FROG : exploiting all-atom Molecular Dynamics trajectories to calculate linear and non-linear optical responses of molecular liquids within Dalton’s QM/MM polarizable embedding scheme

Quantum mechanical/molecular mechanics (QM/MM) methods are interesting to model the impact of a complex environment on the spectroscopic properties of a molecule. In this context, FROG code is a tool to exploit molecular dynamics trajectories to perform QM/MM calculations of molecular optical properties. FROG stands for 'FROm molecular dynamics to second harmonic Generation' since it was developed for the calculations of hyperpolarizabilities.
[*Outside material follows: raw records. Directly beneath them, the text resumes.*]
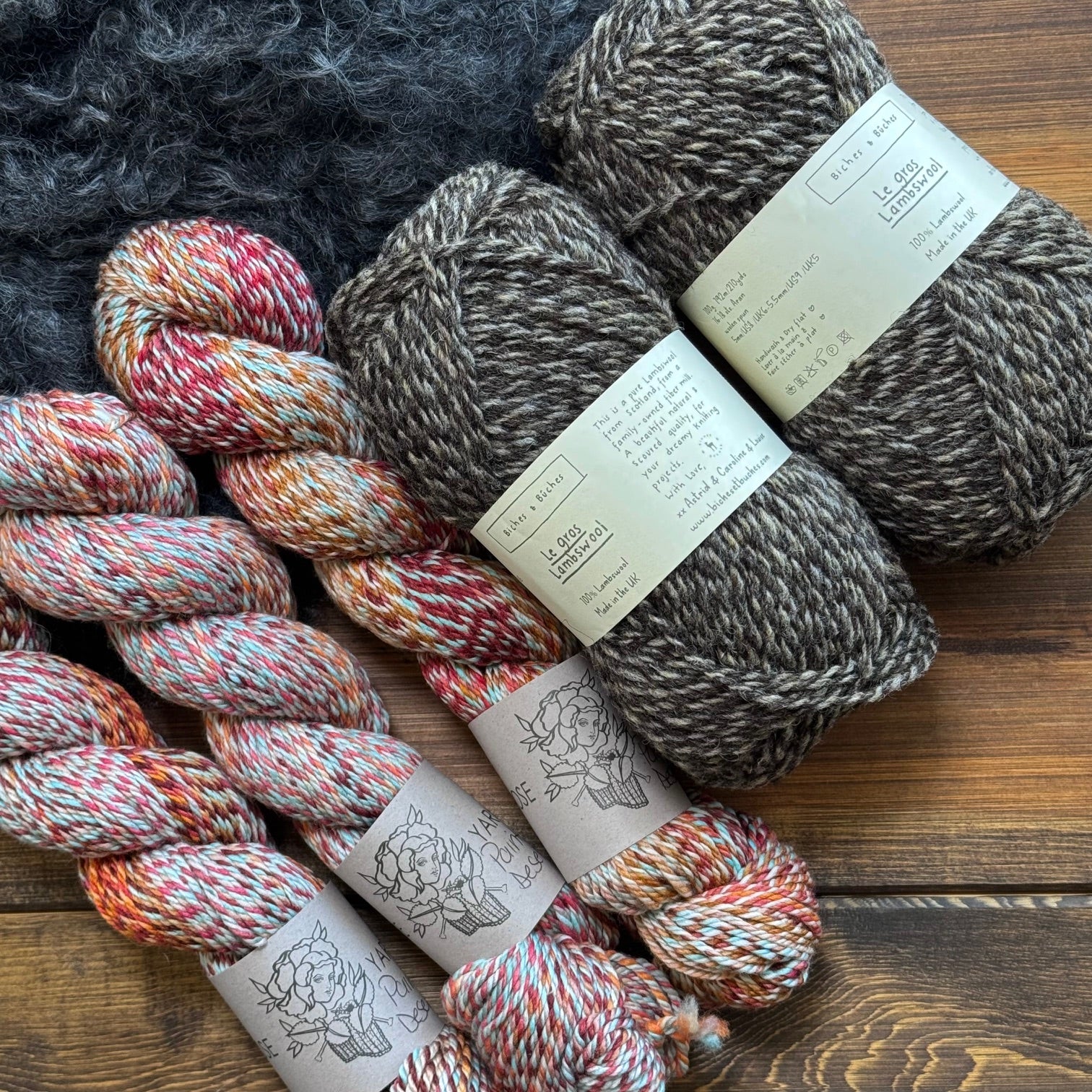 MC (Biches & Buches 'Le Gros Lambswool')- 2 skeins: Undyed Dark Brown and Grey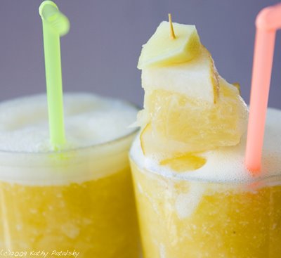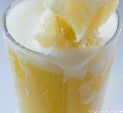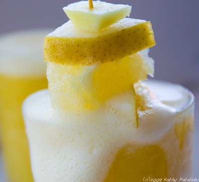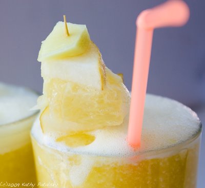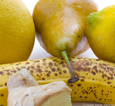 Yellow Fruity Frothy. My ingredients: tart white grapefruit, zingy lemon, sweet bosc pear, spicy ginger and a creamy ripe banana. But the secret to making a frothy is not just in what you put in it, but how you make it...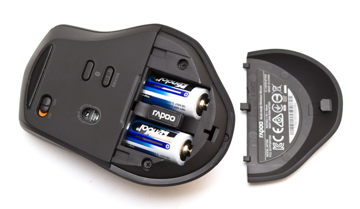 Форма Rapoo MT550 подходит исключительно под использование правой рукой, в пальцевом или когтевом хвате. Держать ее полной ладонью неудобно из-за небольших габаритов. Кроме того, баланс веса и общая эргономика устройства сильно зависит от количества и места установки в нем батарей. Мышь стабильно работает и от одной АА-батарейки, имея при этом вес в 96 г. Если поставить вторую, то вес возрастает до 119 грамм и при отрывах манипулятор сильно заваливается в сторону кормы. Поэтому оптимально, с моей точки зрения, эксплуатировать ее с одним элементом питания, установленным со стороны левой панели мыши.

These are relevant to model non-linear optical intensities, and compare them with those obtained from second harmonic scattering or second harmonic generation experiments. FROG's specificity is that it is designed to study simple molecular liquids, including solvents or mixtures, from the bulk to the surface. For the QM/MM calculations, FROG relies on the Dalton package: its electronic-structure models, response theory and polarizable embedding (PE) schemes. FROG helps with the global workflow needed to deal with numerous QM/MM calculations: it permits the user to separate the system into QM and MM fragments, to write \Dalton’s inputs, to manage the submission of QM/MM calculations, to check whether \Dalton’s calculation finished successfully, and finally to perform averages on relevant QM observables. All molecules within the simulation box and several time steps are tackled within the same workflow. The platform is written in Python and installed as a package. Intermediate data such as local electric fields or individual molecular properties are accessible to the users in the form of Python object arrays. The resulting data are easily extracted, analyzed, and visualized using Python scripts that are provided in tutorials.